What the task requires -
Return all the lines below exactly as written. Drop every picture.

Available data -
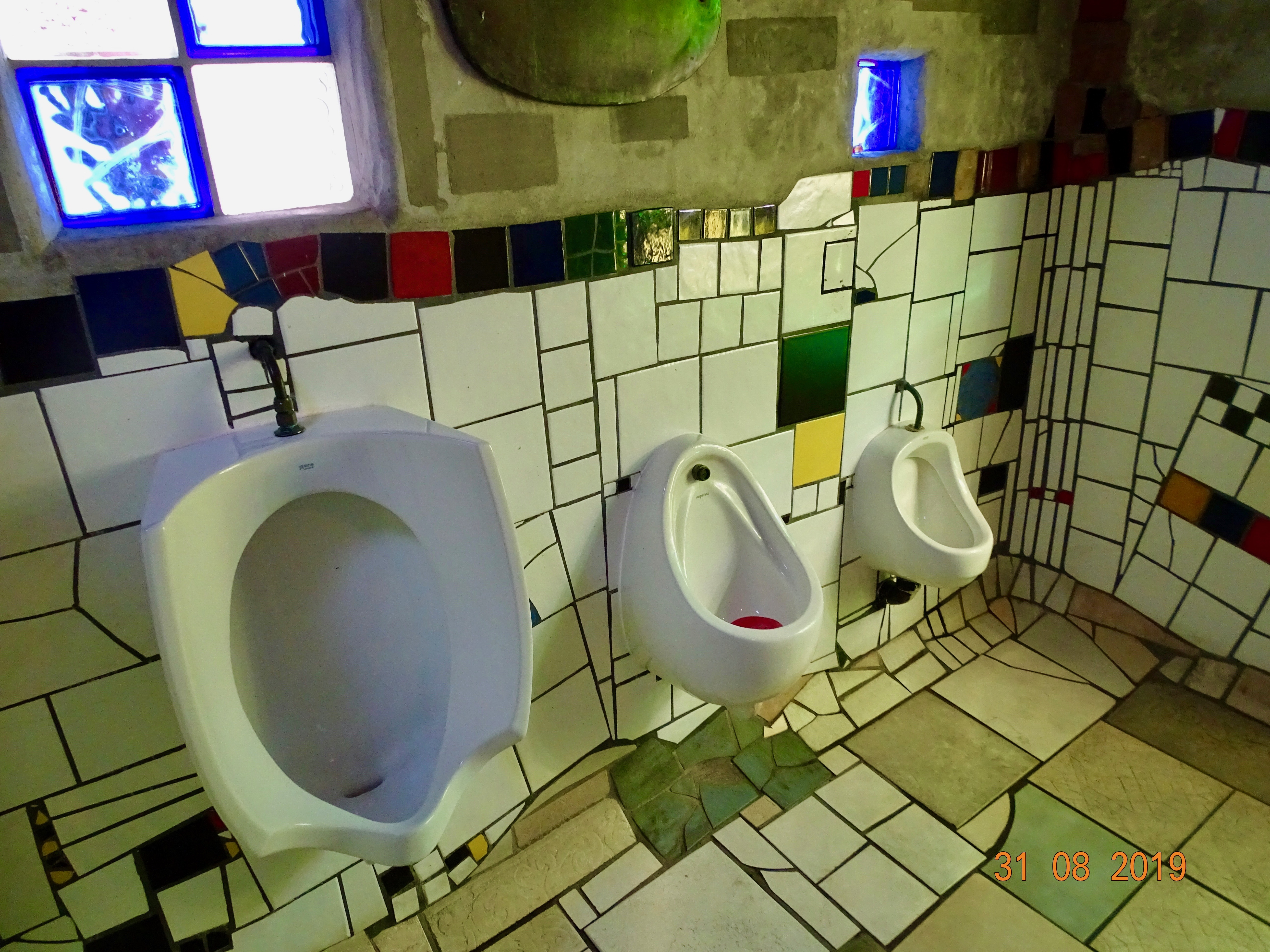 Men's toilet inside in spring 2019
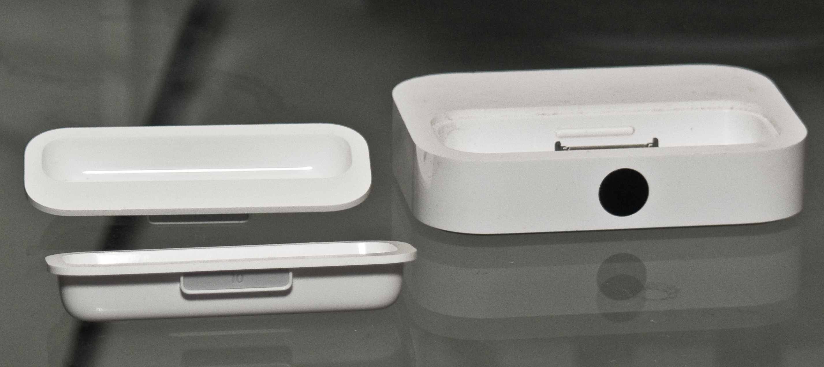 An Apple iPod/iPhone dock pictured with 2 dock adapters.
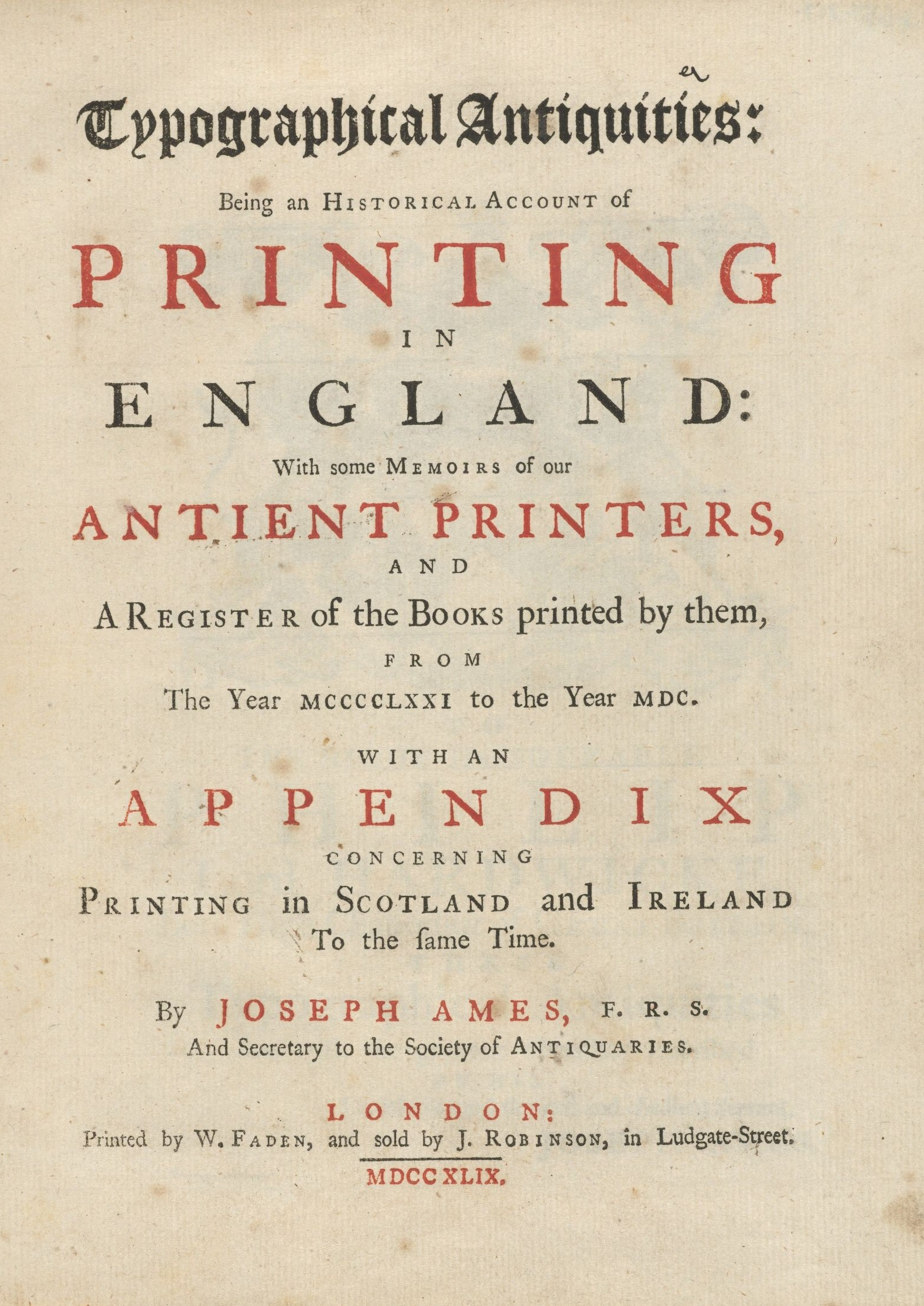 Title page to Typographical antiquities: being an historical account of printing in England, London: 1749, by Joseph Ames (1689-1759). *65J-217, Houghton Library, Harvard University

Result for this exercise -
 Men's toilet inside in spring 2019
 An Apple iPod/iPhone dock pictured with 2 dock adapters.
 Title page to Typographical antiquities: being an historical account of printing in England, London: 1749, by Joseph Ames (1689-1759). *65J-217, Houghton Library, Harvard University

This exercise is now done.